The evolution of init systems — from UNIX init through SysVinit, Upstart, and systemd — reflects the growing complexity of modern Linux systems: more services, complex dependency ordering, service supervision, on-demand activation, and integration with hardware event systems. The init system is one of the most consequential and contested pieces of software in the Linux ecosystem.
Prerequisites
- Process creation and PID concepts
- Shell scripting (SysVinit uses shell scripts heavily)
- Basic understanding of UNIX sockets and D-Bus
- Linux kernel concepts: cgroups, namespaces (for systemd section)
- initramfs handoff (see 06-initramfs.md)
Historical Context
UNIX init (1969)
The original UNIX init was a simple process that read /etc/inittab, spawned getty processes on each terminal, and respawned them when they died. If PID 1 died, the kernel panicked (this is still true today — if systemd crashes, the kernel panics).
SysVinit (1983–present in legacy systems)

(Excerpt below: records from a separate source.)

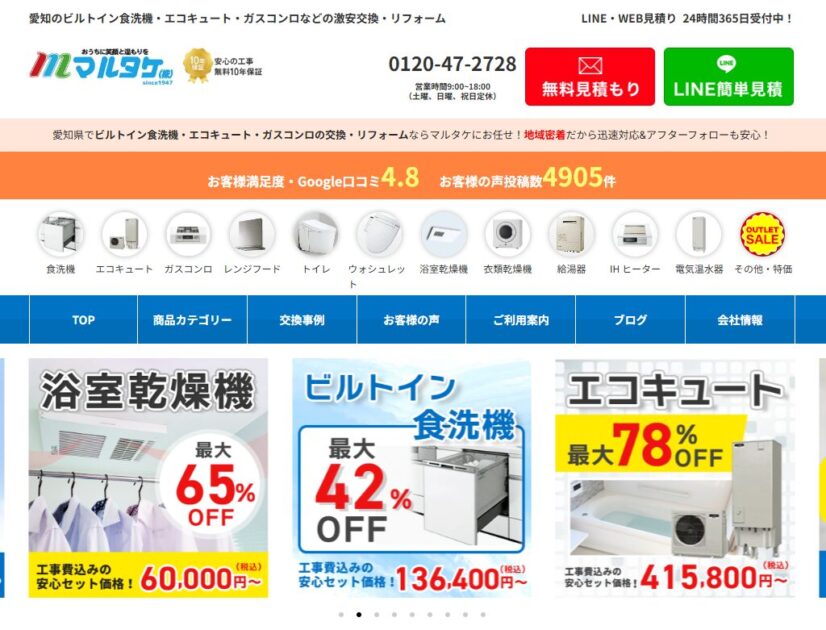 | サービス | 給湯器の見積もり、交換、アフターサービス |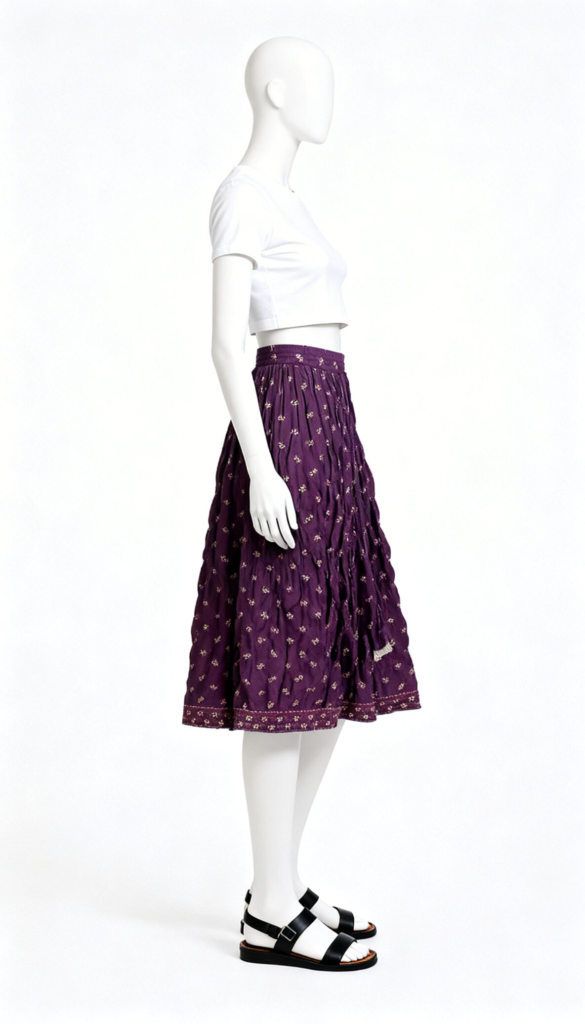 Rent for ₹60.00/day (Buy for ₹299.00)Effortless Style, Everyday ComfortThis purple-blue cotton flared skirt combines breathable comfort with a graceful silhouette, making it ideal for everyday wear, travel, and refined fusion styling.Available as part of the CostumePeti circular fashion ecosystem — rent, store, or resell.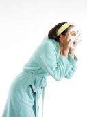 blond i ładny dziewczyna gra z niebieski arkuszy na jej łóżku i co twarz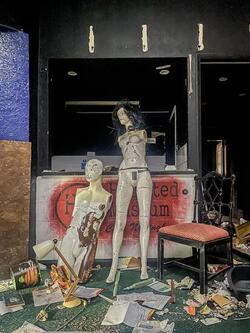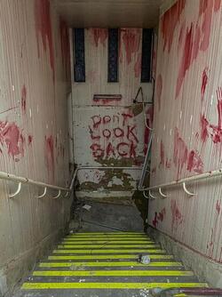 captionStory from Jam Press (Abandoned Horror Museum) Pictured: Inside the abandoned horror museum. Inside abandoned horror museum where people feel like they’re ‘being watched' An urban explorer has delved into a horror museum forgotten-in-time – and says she felt like someone was “watching” her. Chloe Urbex, as she’s known online, found the abandoned site “super eerie”. The 23-year-old has made some chilling discoveries before, such as in an abandoned mortuary, but this is her “creepiest” adventure to date. “As I was exploring the place alone, I felt like I was being watched,” Chloe, from England, told What’s The Jam. “The whole place was super eerie compared to most that I have explored. “When I first entered, I just saw a mannequin staring right back at me. “The most terrifying part was going down the dark corridors on my own.” Inside, she found old posters; one advertising a ghost hunt event and an old ‘wanted for murder’ poster seeking the infamous Jack the Ripper. Some of the rooms contained worn looking household furniture, which added to the overall uneasy creepiness, such as a bed and a dressing table. One stairwell appeared to have been decorated to look as if blood had been splattered on the walls. Right before the steps turned a corner, a message that had been painted to look as if it were written in blood read: “Don’t look back”. And one of the doors even had a pentagram carved into it. Before it was a museum, the site was once a cinema – but now, there’s only a shell of what used to be. She added: “Most of the building is an empty cinema room, but there aren’t any seats or a screen.” ENDS

SysVinit (System V init) introduced the concept of runlevels: discrete system states, each associated with a set of running services. A transition between runlevels involved running /etc/rc.d/rcN.d/ scripts. SysVinit shipped with System V UNIX in 1983 and became the standard for Linux distributions throughout the 1990s and 2000s.
Upstart (2006–2014)
Ubuntu introduced Upstart as a replacement for SysVinit's fundamentally sequential, dependency-unaware boot process. Upstart used an event-driven model: instead of scripts that ran in order, Upstart jobs started when events occurred (e.g., the "filesystem mounted" event triggered services that needed that filesystem).
systemd (2010–present)
Lennart Poettering and Kay Sievers created systemd as an Upstart-inspired but more comprehensive replacement. Systemd became the default on Fedora (2011), then RHEL, Ubuntu (2015), Debian (2015), Arch, and essentially all major distributions. Its adoption was the most contentious technical change in Linux history.
SysVinit
Runlevels
| Runlevel | Meaning |
|---|---|
| 0 | Halt (shutdown) |
| 1 | Single-user mode (maintenance, no network) |
| 2 | Multi-user without NFS (Debian: full multiuser) |
| 3 | Multi-user with networking, no GUI |
| 4 | Undefined (reserved for local use) |
| 5 | Multi-user, networking, GUI (X display manager) |
| 6 | Reboot |
/etc/rc*.d/ Directory Structure
/etc/init.d/ ← actual service scripts
apache2
sshd
networking
mysql
/etc/rc0.d/ ← symlinks for halt
K20apache2 → ../init.d/apache2
K01mysql → ../init.d/mysql
/etc/rc3.d/ ← symlinks for runlevel 3
S20networking → ../init.d/networking
S50sshd → ../init.d/sshd
S80apache2 → ../init.d/apache2
S90mysql → ../init.d/mysql
/etc/rc5.d/ ← symlinks for runlevel 5
S...(same as rc3 + X display manager)
Naming convention: S prefix = Start (when entering runlevel), K prefix = Kill (when leaving runlevel). Numbers (01–99) determine execution order — lower numbers run first.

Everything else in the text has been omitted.